*Assignment*
What needs reproducing is the run of lines in the data below starting at the line with "Mary gives Emma" and ending at the line with "Fits 05 Toyota", both ends included. Copy it exactly, without pictures, and add nothing.

(Beginning of Record excerpts)

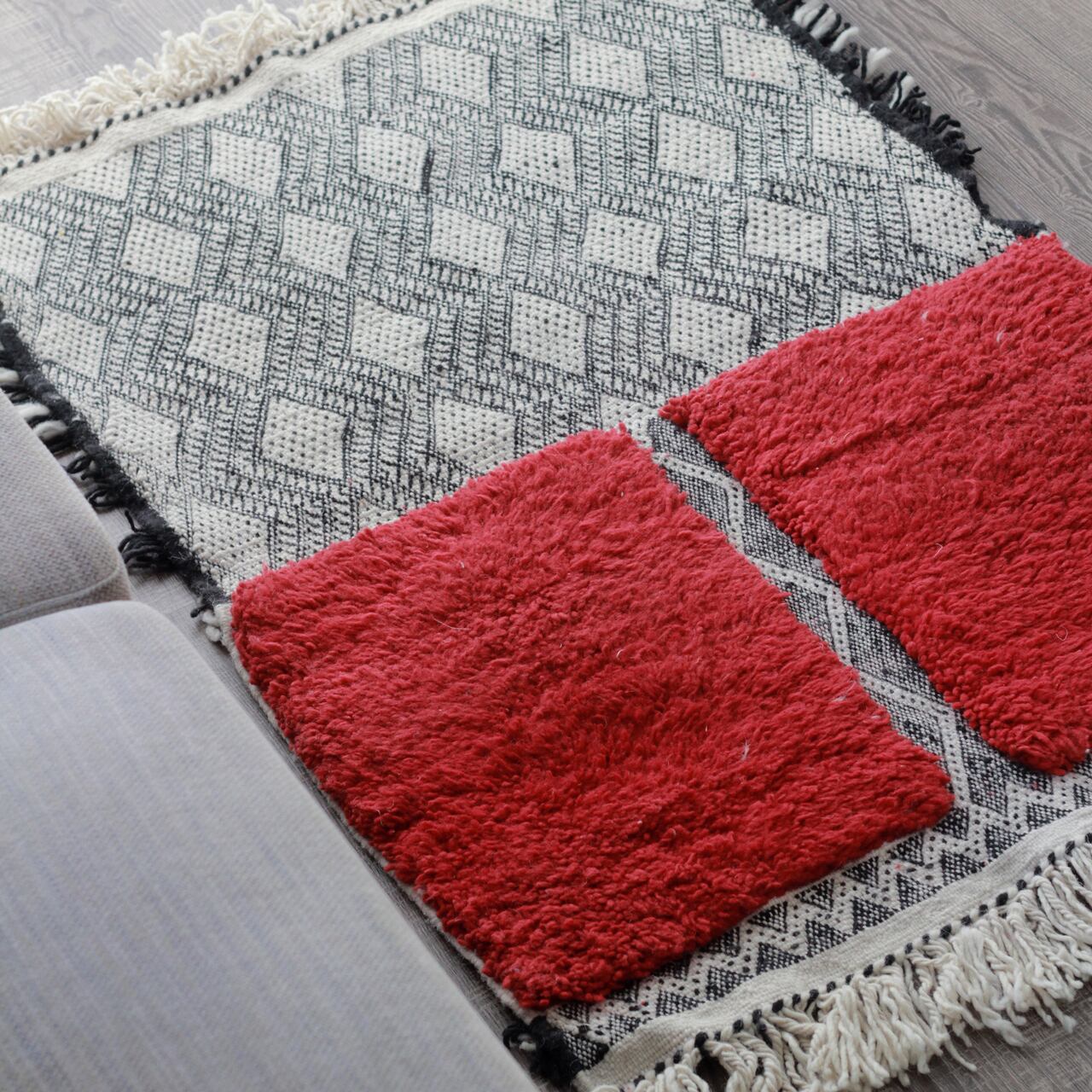 布団たたきなどでパンパンと叩くと寝ていた毛足が立ち上がり、より気持ちのいいラグになります。
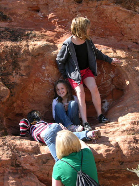 Mary gives Emma a boost up to where Sarah and Lizzy wait.
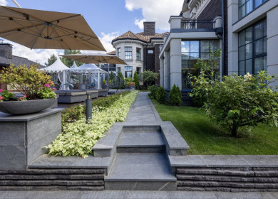 Отдельно стоящий 2-этажный дом для персонала со своей кухней и с/у, а также с гаражом на 2 автомобиля. На участке подготовлен фундамент с цокольным этажом с подведенными коммуникациями для строительства бани или гостевого дома.
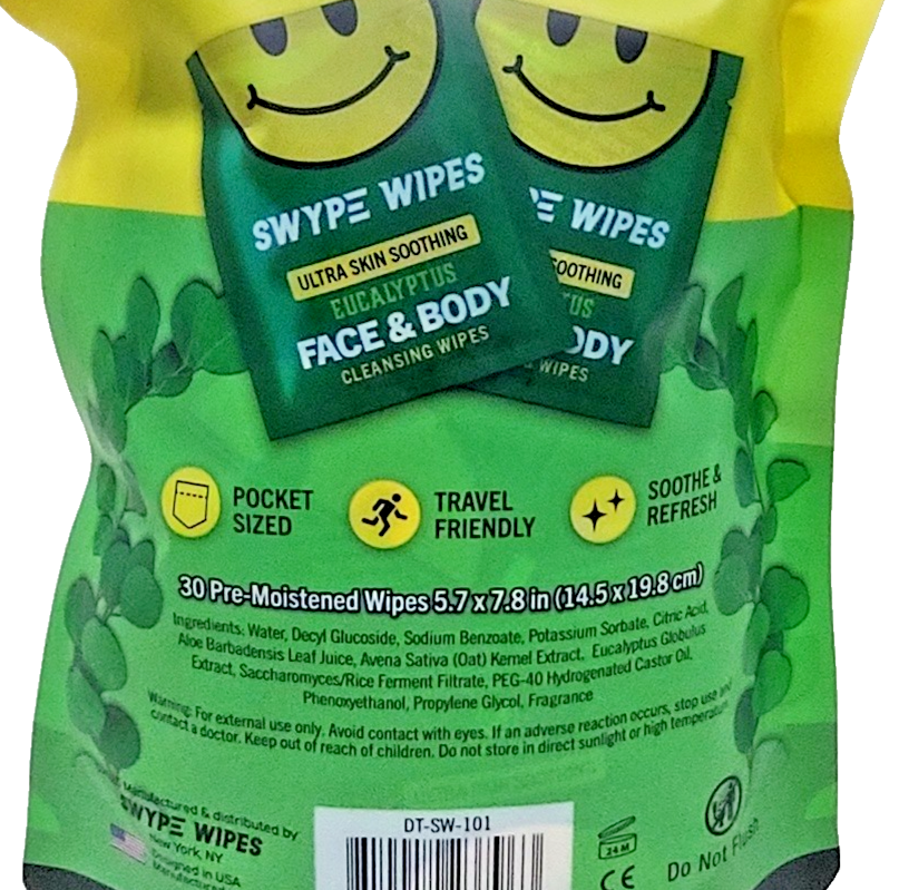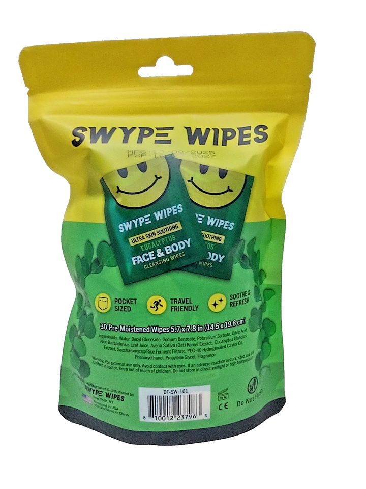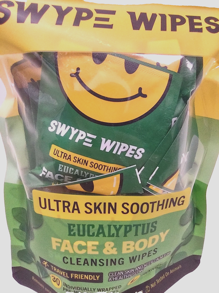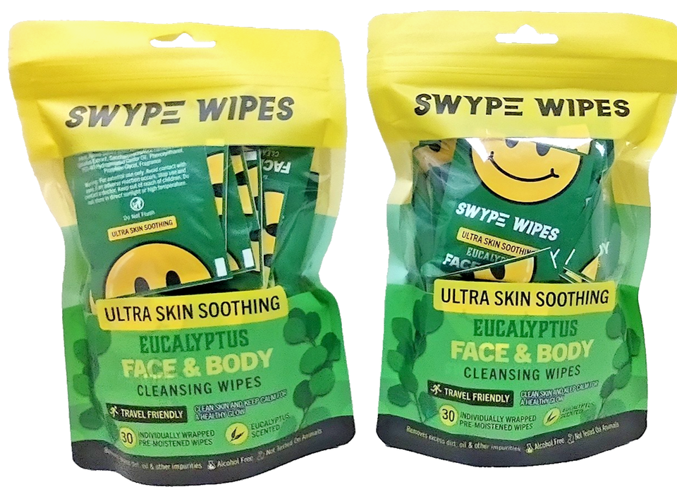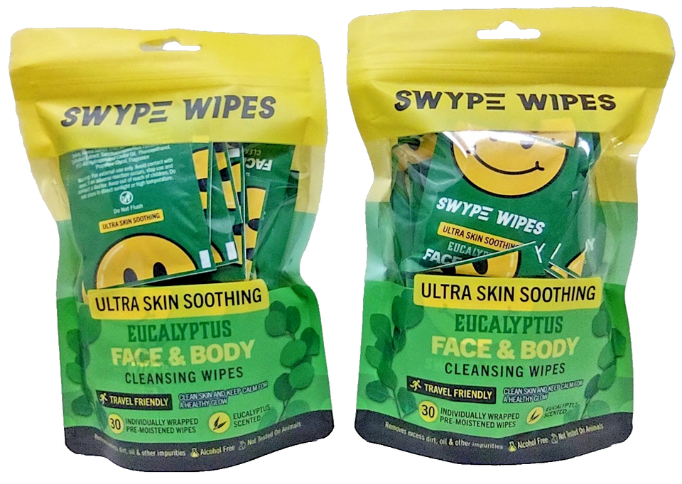 Lot 2 SWYPE WIPES Eucalyptus Face & Body Cleansing Wipe 30WIPES A PACK
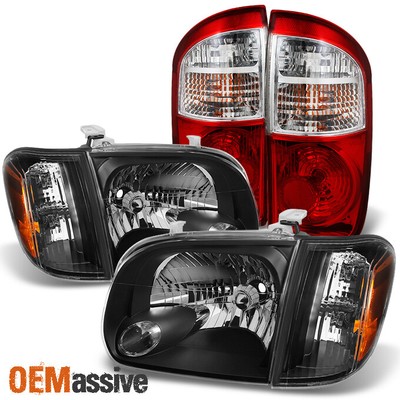 Fits 05 Toyota Tundra Double | Crew Cab Black Headlights + Red Tail Lights Pair
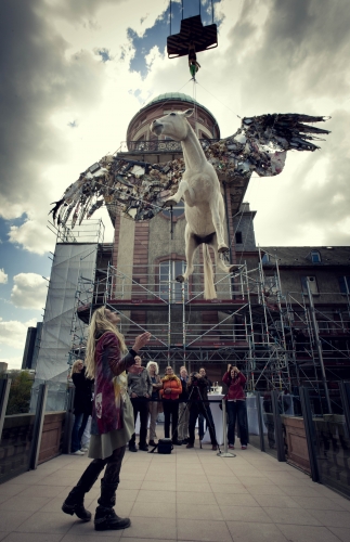 An einem Kran wird der „Pegasus", das zentrale Objekt des Projektes, über das Senckenberg Museum „fliegen und nach seiner Landung dort erstmals öffentlich zu sehen sein. Die Flügel der Skulptur zieren „objéts trouvé, welche die deutsche Künstlerin Mia Florentine Weiss auf ihren Performances um die Welt seit 1999 sammelte. Im Mittelpunkt ihrer Arbeit steht die stets gleiche Frage „What is your place of protection? nach privaten Schutzräumen, die die Künstlerin Menschen unterschiedlichster Nationen stellte.

(End of Record excerpts)

*Answer to the exercise*
 Mary gives Emma a boost up to where Sarah and Lizzy wait.
 Отдельно стоящий 2-этажный дом для персонала со своей кухней и с/у, а также с гаражом на 2 автомобиля. На участке подготовлен фундамент с цокольным этажом с подведенными коммуникациями для строительства бани или гостевого дома.
 Lot 2 SWYPE WIPES Eucalyptus Face & Body Cleansing Wipe 30WIPES A PACK
 Fits 05 Toyota Tundra Double | Crew Cab Black Headlights + Red Tail Lights Pair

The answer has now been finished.